Sunday, February 8, 2015

In abstract, we want rule of law. In person, we want mob justice.

A harsh but not inexplicable position. From Columbia mattress rape case is not justice — it’s shaming without proof by Naomi Schaefer Riley. In the context of the dismissal of the Patterson gang-rape charges, the collapse of the Dunham story, the implosion of the UVA gang-rape fabrication and the undermining of the Columbia Performance Art Mattress accusations, Riley states:
But, really, the problem is this: It’s considered offensive to even ask a single question of a woman who says she has been sexually assaulted. Because rape is not a crime like armed robbery or murder anymore. Rape is a political statement by the patriarchy trying to silence women. It doesn’t matter what actually happened. What matters is what you think happened after you’ve taken enough women’s-studies courses.

That’s why Lena Dunham got away with publishing a book accusing an easily identifiable student on campus of rape without any fact checkers or lawyers flagging the passage. It’s why no one at Rolling Stone demanded the reporter verify the accuser’s story. And it’s why the word of a girl with a mattress strapped to her back is treated like the Holy Bible.

Feminists complain that by putting assault victims through this barrage of questions we are shaming them. As Sulkowicz told the news site Mic: “It’s an awful feeling where this reporter is digging through my personal life. At this point, I didn’t realize that she’s extremely anti-feminist and would do this in order to shame me.”

But shame is exactly what these accusers are hoping to bring on their alleged attackers. By refusing to report these matters to the police instead of the campus Keystone Kops and The New York Times, they are supposedly saving themselves from the pain of a trial, but really what they are doing is saving themselves from having to answer any questions and destroying men’s lives with lies and innuendo.
I see a connection between this article and this weekend's This American Life, Cops See It Differently, Part One.

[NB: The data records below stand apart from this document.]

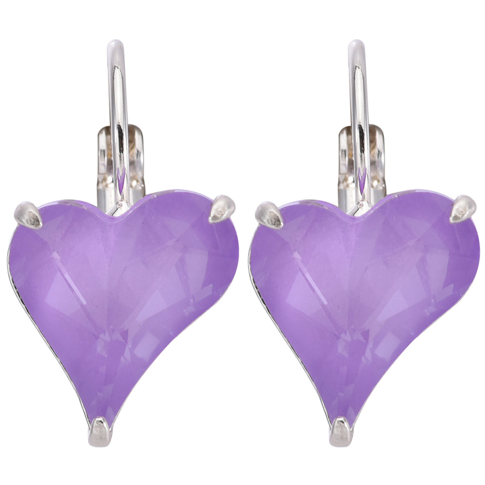 Misty Heart Leverback Earrings (Sterling Silvertone/Violet)
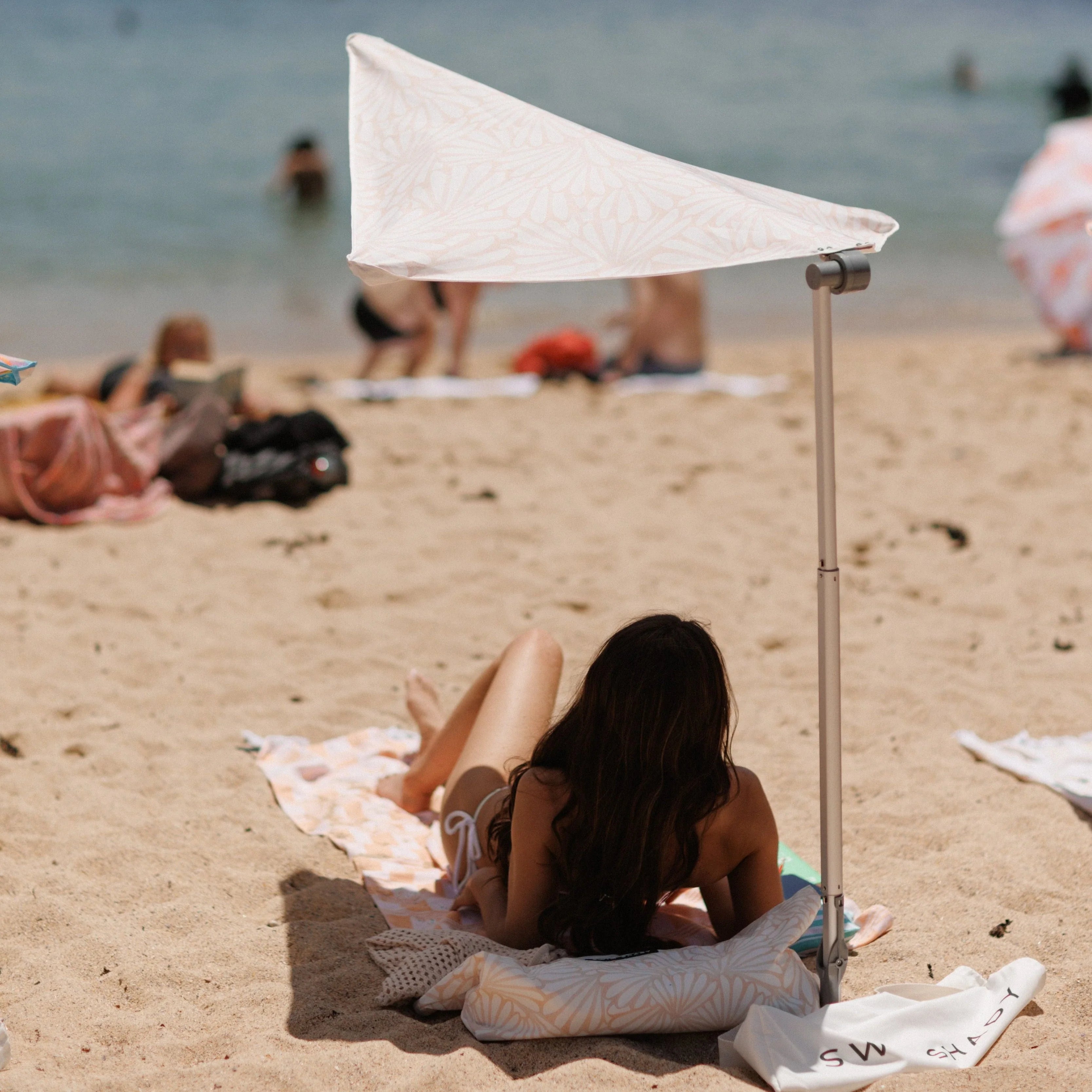 This canopy features a warm, organic pattern, blending elegance and eternal charm. The calming design brings a gentle vibe to the beach, making it perfect for those looking to add a subtle touch of style to their sun protection. The Soothe Swim Shady embodies relaxation and sophistication.
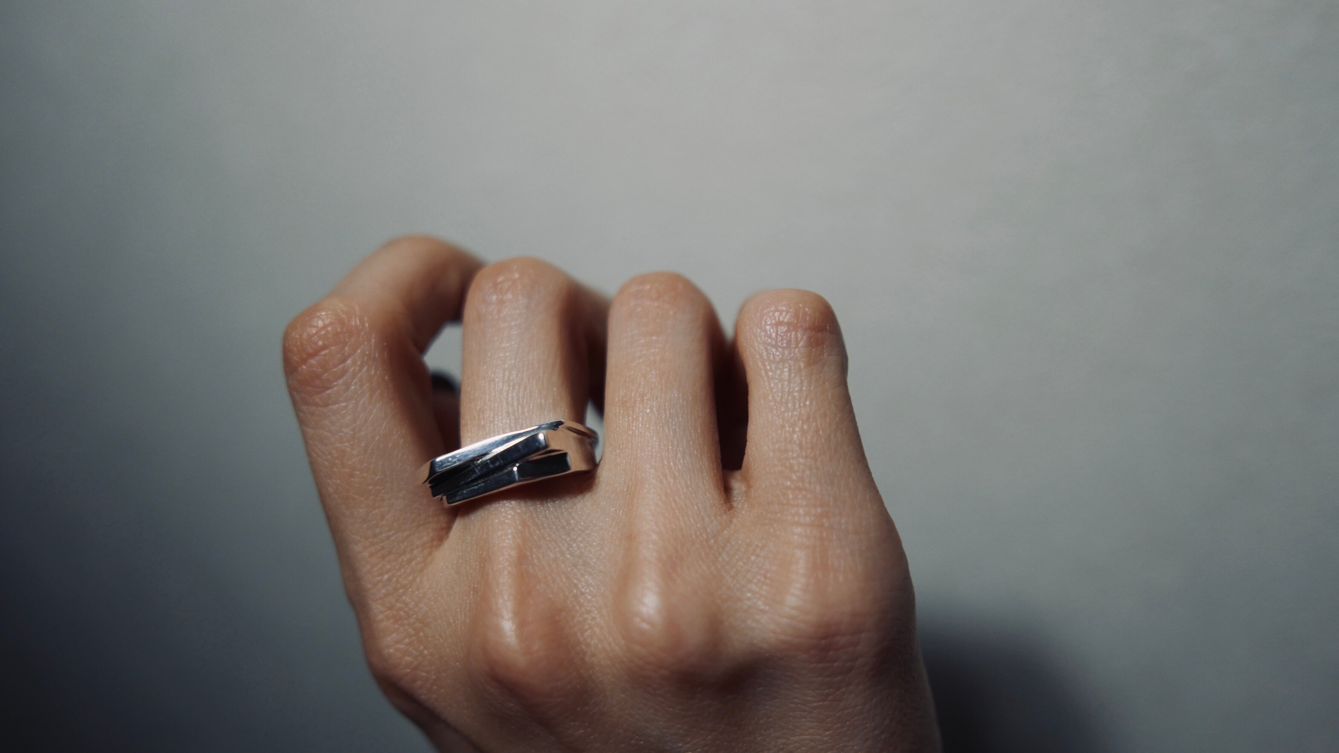 ・それぞれ形の違う三本のringをランダムに重ねたデザイン。
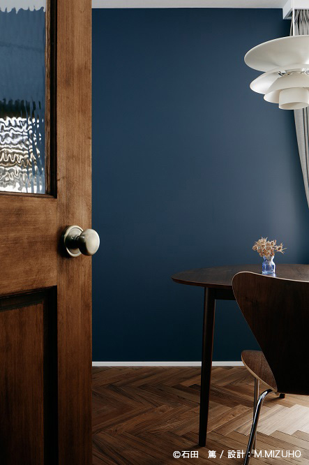 落ち着いた空間と、陰影のメリハリをつけるために採用した濃紺の壁紙。 祖父から受け継いだアンティークなサイドボードの色味に合わせ、アート作品や写真を展示するスペースを設けた。
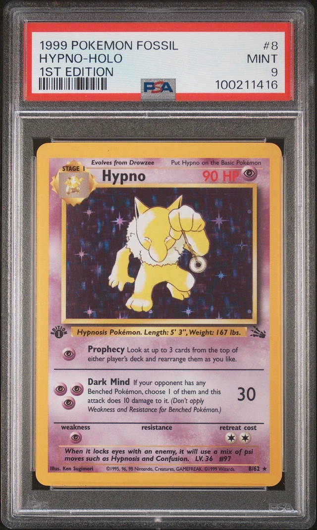 1999 Pokemon Fossil 8 Hypno-holo 1st Edition PSA

In that broadcast there is an illuminating episode where the American Life team follows the cops to a 911 shots fired call. They arrive and find a couple claiming that a woman, whom they had requested move her parked car so that they could get their car out of the parking space, pointed a gun at them and fired it. There are no shell casings or other evidence of a fired gun. The police track down the accused woman who is cooperative and invites them to search her apartment, claiming that she did not fire a gun and that in fact she doesn't have a gun. The show is focusing on the difficult position of police departments, which tend to be majority white, when interacting in neighborhoods that are majority black, particularly when those neighborhoods generate the bulk of the emergency 911 calls.

In this instance, both the alleged victims and the alleged perpetrator are black. All are emotional and adamant that they are telling the truth. The police have to quickly adjudicate with conflicting testimony and limited evidence, what actually happened. In the meantime both parties are wanting the other party to be disbelieved and punished and are faulting the police for not taking their word that events unfolded as they have represented. No matter how polite and solicitous the police might be, nor how diligent, by being initially neutral they are going to make one party (the party telling the truth) angry.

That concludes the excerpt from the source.